TASK ITEM:
Should an entry contain an image, omit it and repeat the rest exactly.

RECORDS FOR THIS EXERCISE:
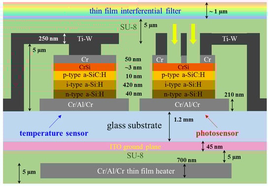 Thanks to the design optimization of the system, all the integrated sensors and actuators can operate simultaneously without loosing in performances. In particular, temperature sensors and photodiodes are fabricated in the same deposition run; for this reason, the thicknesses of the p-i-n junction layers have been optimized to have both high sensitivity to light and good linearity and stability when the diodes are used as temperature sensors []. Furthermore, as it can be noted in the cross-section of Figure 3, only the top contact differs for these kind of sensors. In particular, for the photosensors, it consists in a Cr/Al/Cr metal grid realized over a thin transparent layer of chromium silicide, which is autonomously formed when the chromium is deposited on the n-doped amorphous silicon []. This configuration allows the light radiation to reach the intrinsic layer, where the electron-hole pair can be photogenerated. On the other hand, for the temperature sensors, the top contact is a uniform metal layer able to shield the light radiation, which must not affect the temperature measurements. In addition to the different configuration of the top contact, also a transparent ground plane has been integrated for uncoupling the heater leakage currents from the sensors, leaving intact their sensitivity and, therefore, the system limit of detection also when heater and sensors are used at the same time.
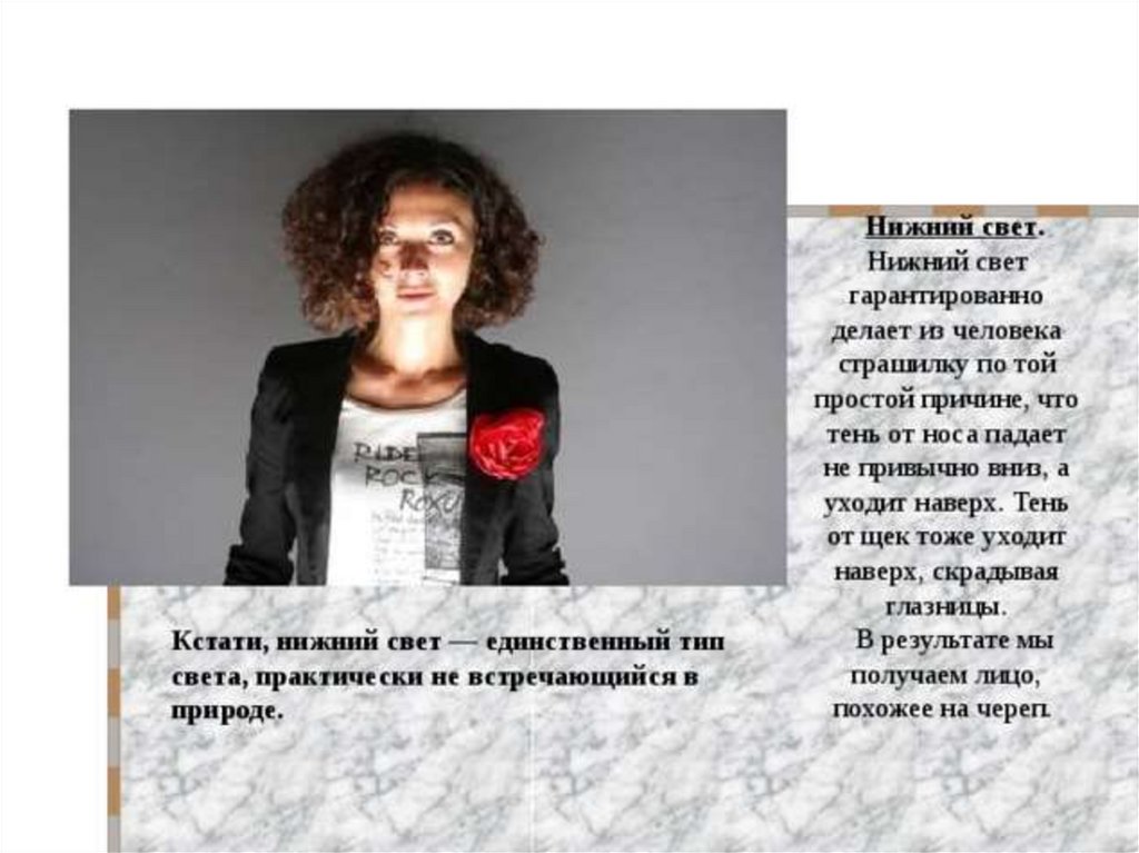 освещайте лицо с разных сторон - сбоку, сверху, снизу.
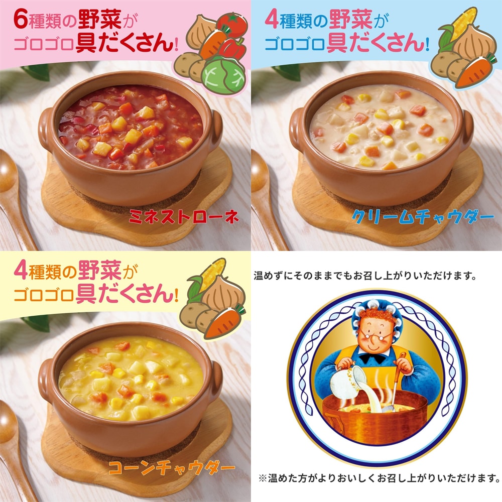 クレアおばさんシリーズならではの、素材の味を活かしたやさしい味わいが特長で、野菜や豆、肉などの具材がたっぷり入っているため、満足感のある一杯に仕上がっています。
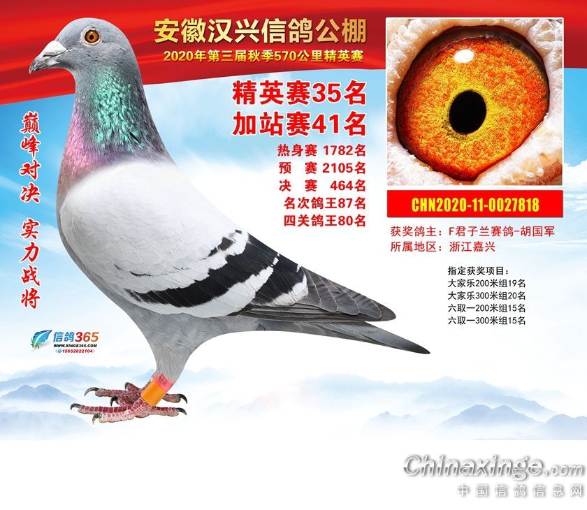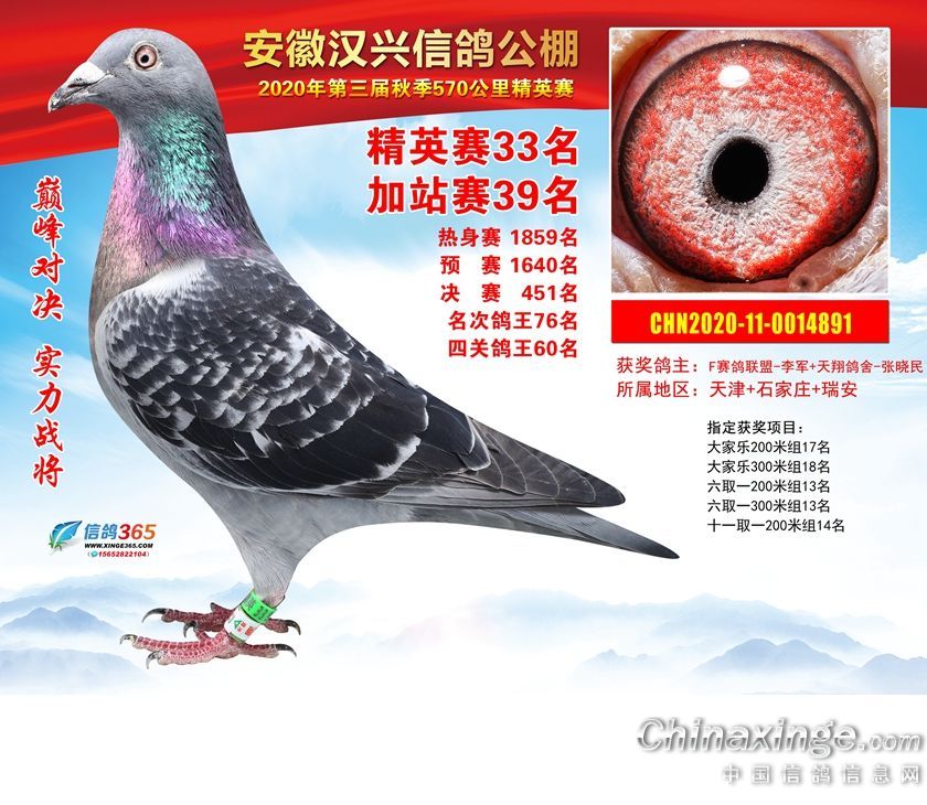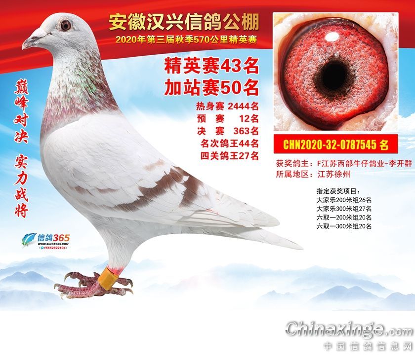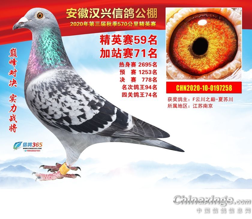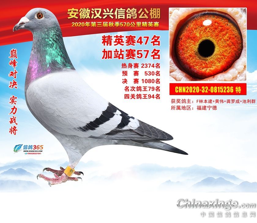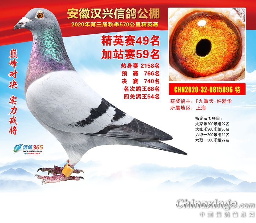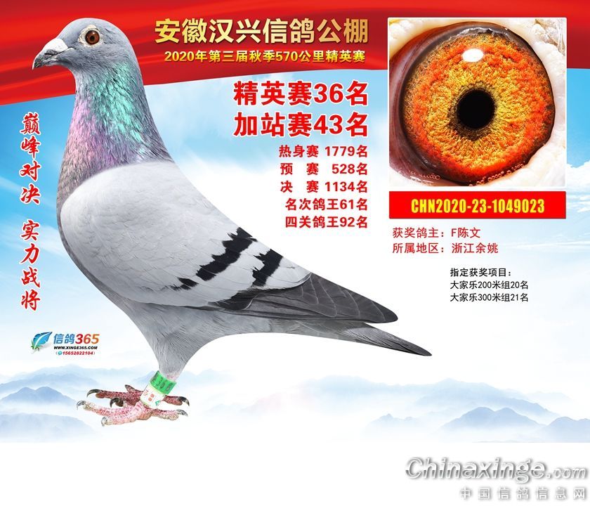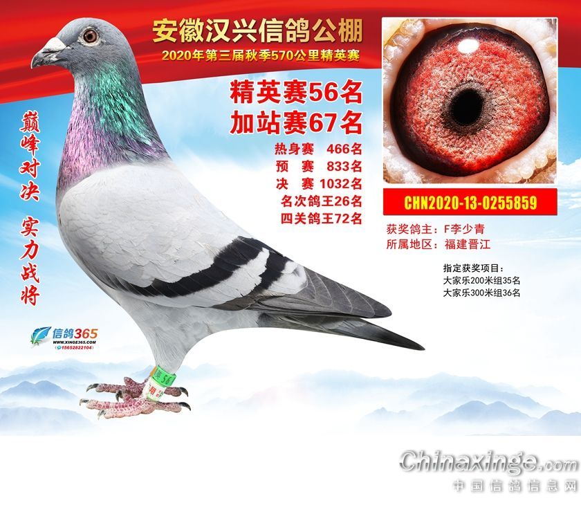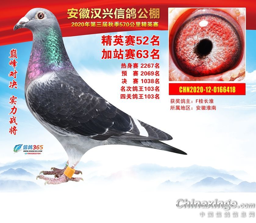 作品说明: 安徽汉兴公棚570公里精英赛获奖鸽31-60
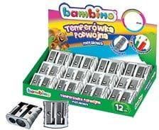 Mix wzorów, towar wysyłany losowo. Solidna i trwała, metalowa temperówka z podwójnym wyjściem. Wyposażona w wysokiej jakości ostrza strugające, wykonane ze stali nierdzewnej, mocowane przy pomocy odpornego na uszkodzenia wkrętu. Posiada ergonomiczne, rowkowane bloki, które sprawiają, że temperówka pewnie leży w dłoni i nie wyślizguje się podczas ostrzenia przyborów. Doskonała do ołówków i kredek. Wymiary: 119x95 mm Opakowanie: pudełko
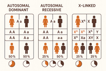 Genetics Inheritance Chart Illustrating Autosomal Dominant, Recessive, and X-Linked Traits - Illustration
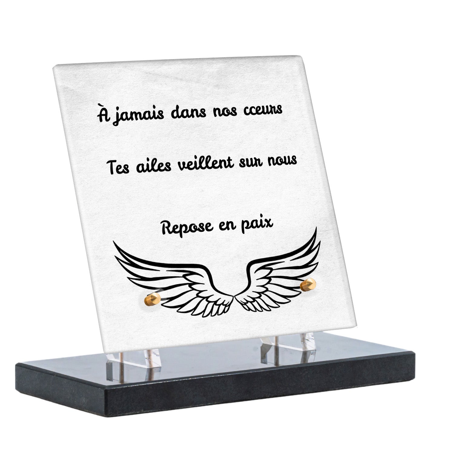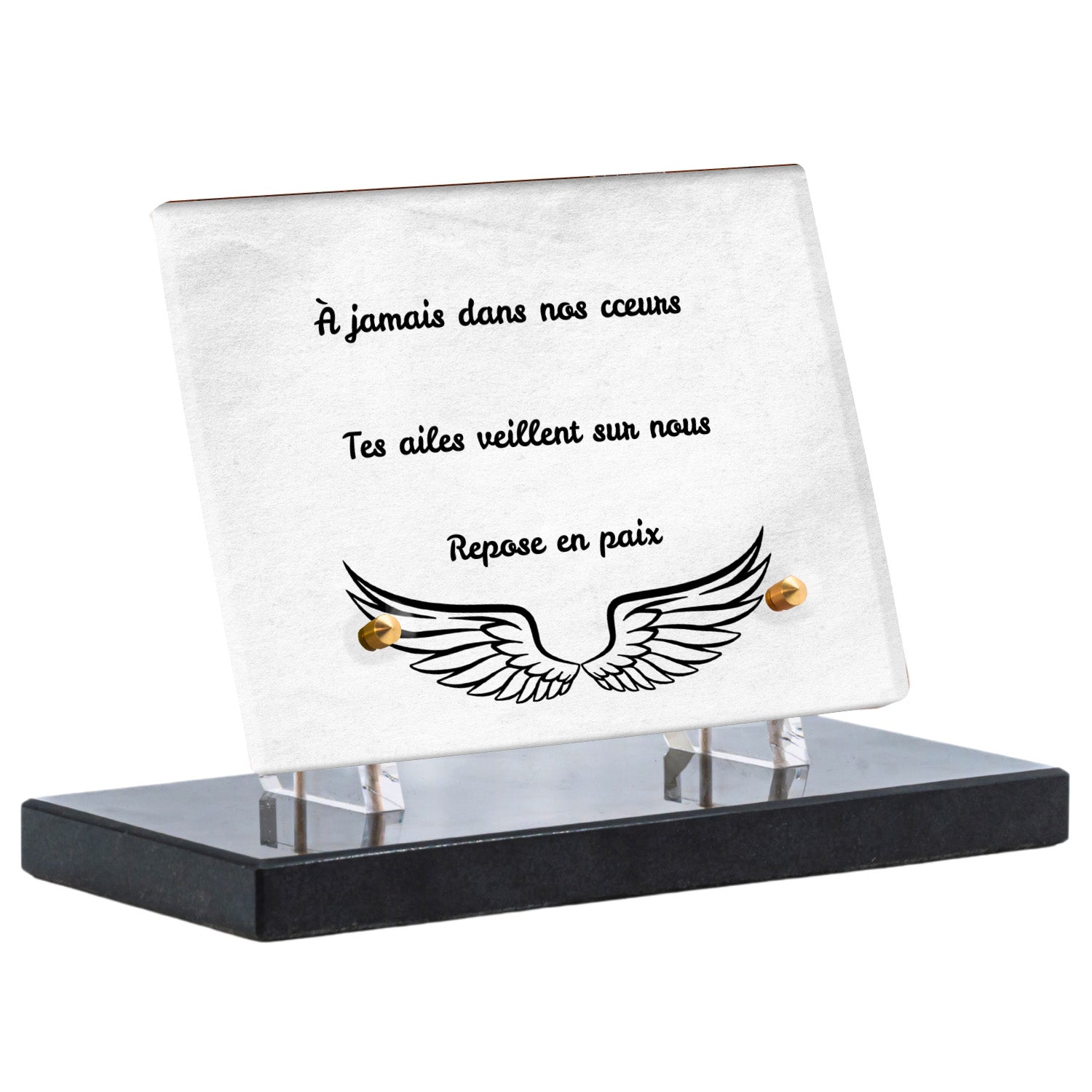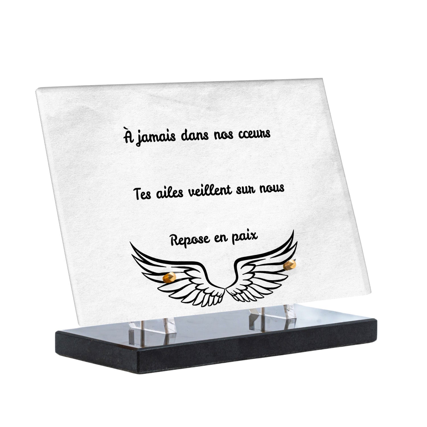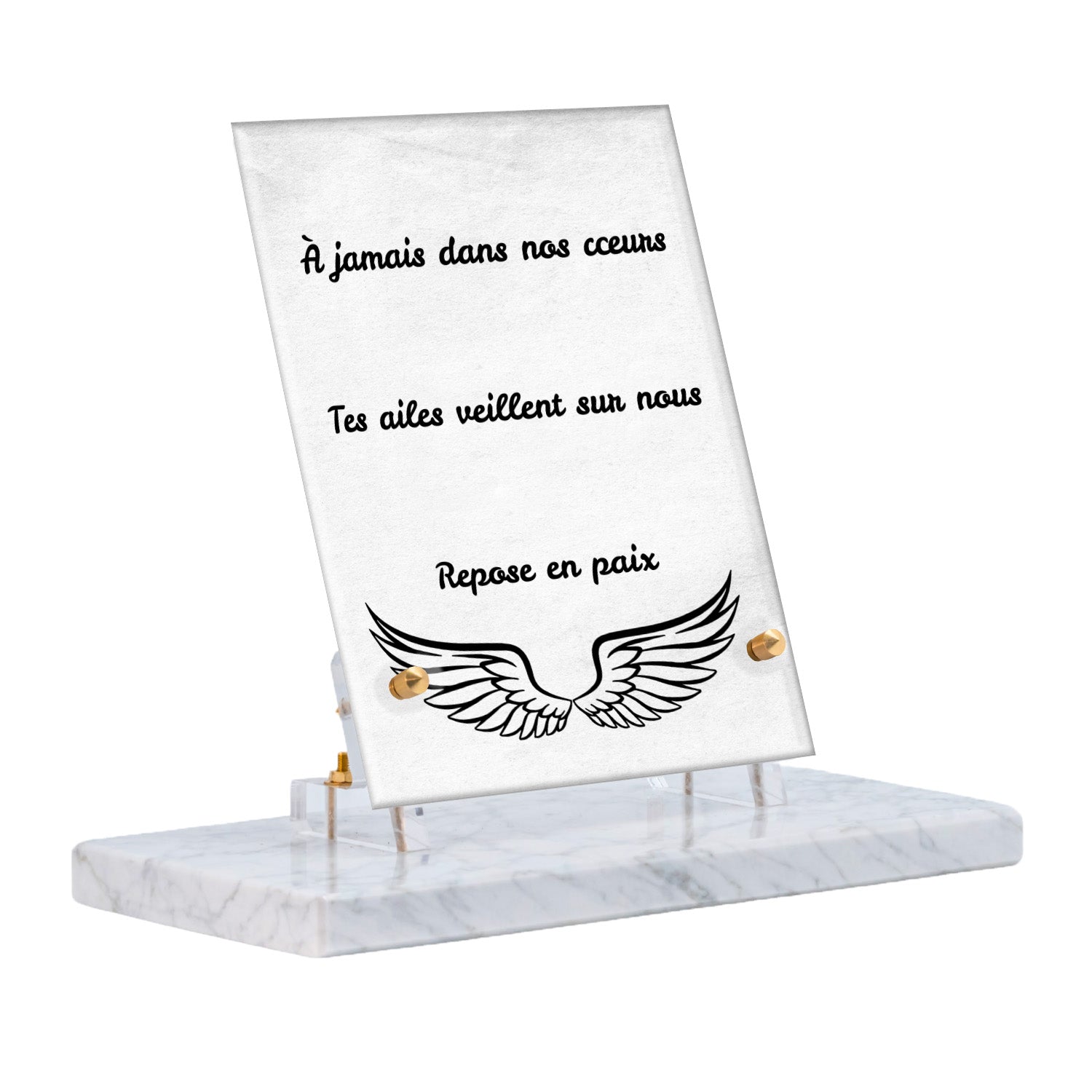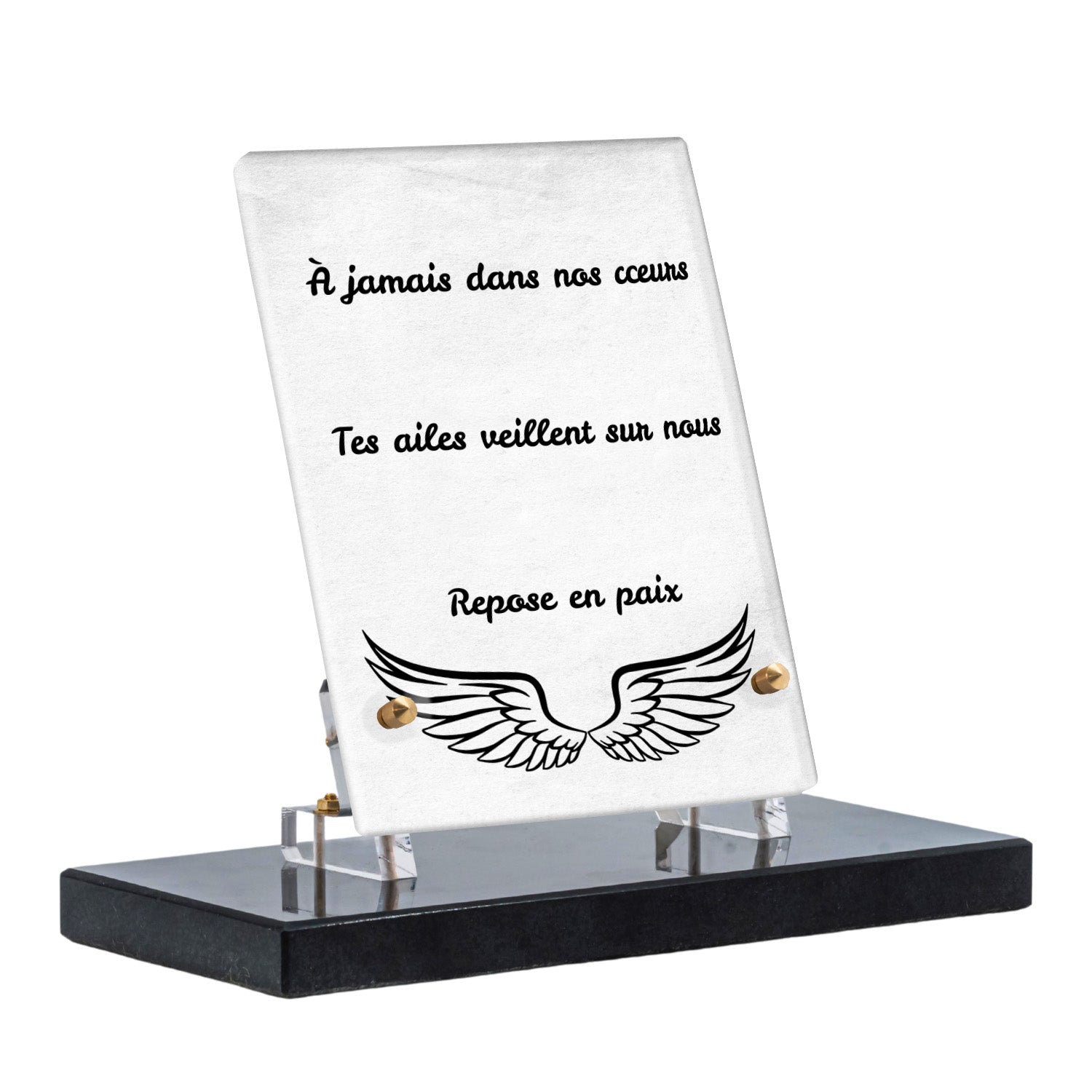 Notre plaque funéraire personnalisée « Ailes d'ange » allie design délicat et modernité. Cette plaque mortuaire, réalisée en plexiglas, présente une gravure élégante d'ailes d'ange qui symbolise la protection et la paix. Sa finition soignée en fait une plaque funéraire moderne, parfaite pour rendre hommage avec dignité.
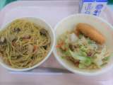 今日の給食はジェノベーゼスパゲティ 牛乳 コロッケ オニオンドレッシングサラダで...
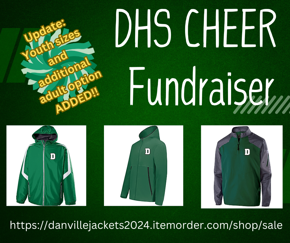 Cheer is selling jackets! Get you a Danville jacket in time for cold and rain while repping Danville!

THE COMPLETED TASK:
 Thanks to the design optimization of the system, all the integrated sensors and actuators can operate simultaneously without loosing in performances. In particular, temperature sensors and photodiodes are fabricated in the same deposition run; for this reason, the thicknesses of the p-i-n junction layers have been optimized to have both high sensitivity to light and good linearity and stability when the diodes are used as temperature sensors []. Furthermore, as it can be noted in the cross-section of Figure 3, only the top contact differs for these kind of sensors. In particular, for the photosensors, it consists in a Cr/Al/Cr metal grid realized over a thin transparent layer of chromium silicide, which is autonomously formed when the chromium is deposited on the n-doped amorphous silicon []. This configuration allows the light radiation to reach the intrinsic layer, where the electron-hole pair can be photogenerated. On the other hand, for the temperature sensors, the top contact is a uniform metal layer able to shield the light radiation, which must not affect the temperature measurements. In addition to the different configuration of the top contact, also a transparent ground plane has been integrated for uncoupling the heater leakage currents from the sensors, leaving intact their sensitivity and, therefore, the system limit of detection also when heater and sensors are used at the same time.
 освещайте лицо с разных сторон - сбоку, сверху, снизу.
 クレアおばさんシリーズならではの、素材の味を活かしたやさしい味わいが特長で、野菜や豆、肉などの具材がたっぷり入っているため、満足感のある一杯に仕上がっています。
 作品说明: 安徽汉兴公棚570公里精英赛获奖鸽31-60
 Mix wzorów, towar wysyłany losowo. Solidna i trwała, metalowa temperówka z podwójnym wyjściem. Wyposażona w wysokiej jakości ostrza strugające, wykonane ze stali nierdzewnej, mocowane przy pomocy odpornego na uszkodzenia wkrętu. Posiada ergonomiczne, rowkowane bloki, które sprawiają, że temperówka pewnie leży w dłoni i nie wyślizguje się podczas ostrzenia przyborów. Doskonała do ołówków i kredek. Wymiary: 119x95 mm Opakowanie: pudełko
 Genetics Inheritance Chart Illustrating Autosomal Dominant, Recessive, and X-Linked Traits - Illustration
 Notre plaque funéraire personnalisée « Ailes d'ange » allie design délicat et modernité. Cette plaque mortuaire, réalisée en plexiglas, présente une gravure élégante d'ailes d'ange qui symbolise la protection et la paix. Sa finition soignée en fait une plaque funéraire moderne, parfaite pour rendre hommage avec dignité.
 今日の給食はジェノベーゼスパゲティ 牛乳 コロッケ オニオンドレッシングサラダで...
 Cheer is selling jackets! Get you a Danville jacket in time for cold and rain while repping Danville!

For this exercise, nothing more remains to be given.